В первые месяцы моего вхождения в московскую жизнь он успел ещё сво­дить меня в мастерскую художника Вайсберга, познакомить с Юрием Трифо­новым, а в своей комнатушке на Юго-Западе однажды заставил читать мои весьма наивные и несовершенные стихи драматургу Александру Володину. Стихи были крайне натуралистические о том, как мои сверстники, оставшиеся в оккупации, в конце декабря 1941-го, когда немцы были выбиты из Калуги, подтаскивали трупы немецких солдат к колонке на нашей улице Циолковско­го, обливали водой, пока мёртвое окоченевшее тело не покрывалось толстой ледяной коркой, садились на него и со свистом летели вниз под горку мимо Дома-музея Циолковского чуть ли не до замёрзшей на жутких холодах той зи­мы Оки. Увы, я стал летописцем этого леденящего душу события:

Немцы уходят из города,

стынет декабрьское солнце,

и вот уже звонко от холода,

и под гору мы несёмся

на санках, на самокатах,

а тот, кто из самых смелых, —

на немецких солдатах,

как дерево, обледенелых...

Впечатлительный Александр Володин, не выдерживая моего чтения, закрывал уши ладонями и выскакивал на балкон, а Борис Слуцкий сидел, как “усатый нянь”, самодовольно улыбаясь и гордясь своим новым воспи­танником.

Позднее я понял, что Слуцкий, очень ценивший своё время, был не про­сто филантропом, хотя он выручал меня, да и не только меня, деньгами, делами, советами. За всё это он не грубо, но последовательно ждал по­слушания, групповой дисциплины, проведения в литературной жизни его линии — линии учителя. Он набирал учеников не от избытка чувств, а для дела... Противоречий и несогласий с собой не то чтобы не терпел, но не одобрял и сразу же отдалял от себя “инакомыслящих”. Но что привлекало в Слуцком? Его умение чётко сформулировать ответ на какую-то социально­политическую проблему. Он умел это делать быстрее и смелее других.

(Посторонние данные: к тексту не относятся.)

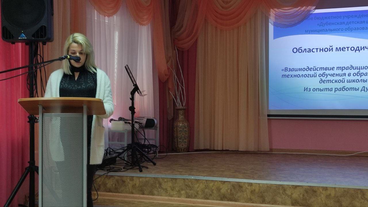 Ключевой момент мероприятия — выступление Елизаветы Ивановны Соловьёвой (заведующий учебной частью ДШИ?№?4). Она представила методическое сообщение о сотрудничестве ДШИ?№?4 и Дубенской ДШИ.
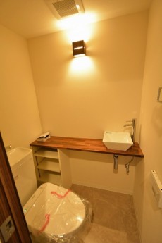 広々スペースに、可愛らしい木目調の洗面台、間接照明と、落ち着いた空間なので、トイレタイムが長くなりそう(笑)^_^;
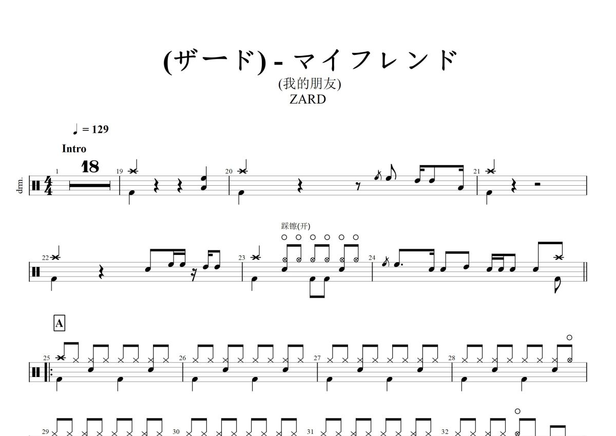 ZARD《ザード) - マイ フレンド 我的朋友)》鼓谱 - 架子鼓谱

Все скульпторы и художники, с которыми меня познакомил Слуцкий, бы­ли закоренелыми либеральными “шестидесятниками”, “заточенными” на то, чтобы стать известными в Европе, а ещё лучше — в Америке. Некоторые из них — Гриша Брускин, Олег Целков, Илья Кабаков — добились своего на за­висть коллегам, мечтавшим о таких же по советским меркам баснословных го­норарах и резонно возмущавшимся: “А чем же мы хуже?” Но этим бедолагам и пасынкам соцреализма оставалось только радоваться наездам к ним Бори­са Слуцкого со своими учениками. А для подлинно медийного и денежного ус­пеха нужно было поучаствовать в выставке, да не в какой-нибудь официаль­ной, а обязательно нелегальной, но которая за день до её открытия становится известной и, когда её участники привозят свои холсты и скульптуры, тут же разгоняется милицией и лучше всего, чтобы с помощью бульдозеров и в при­сутствии толпы иностранных корреспондентов, а ещё лучше, если в каком-ни­будь Манеже их работы обругает не какой-нибудь чиновник от культуры, а сам Генеральный секретарь ЦК КПСС, как это случилось во время перепалки меж­ду Эрнстом Неизвестным и Хрущёвым, когда последний обозвал всех дисси­дентов “педерастами” и предложил им выехать из страны.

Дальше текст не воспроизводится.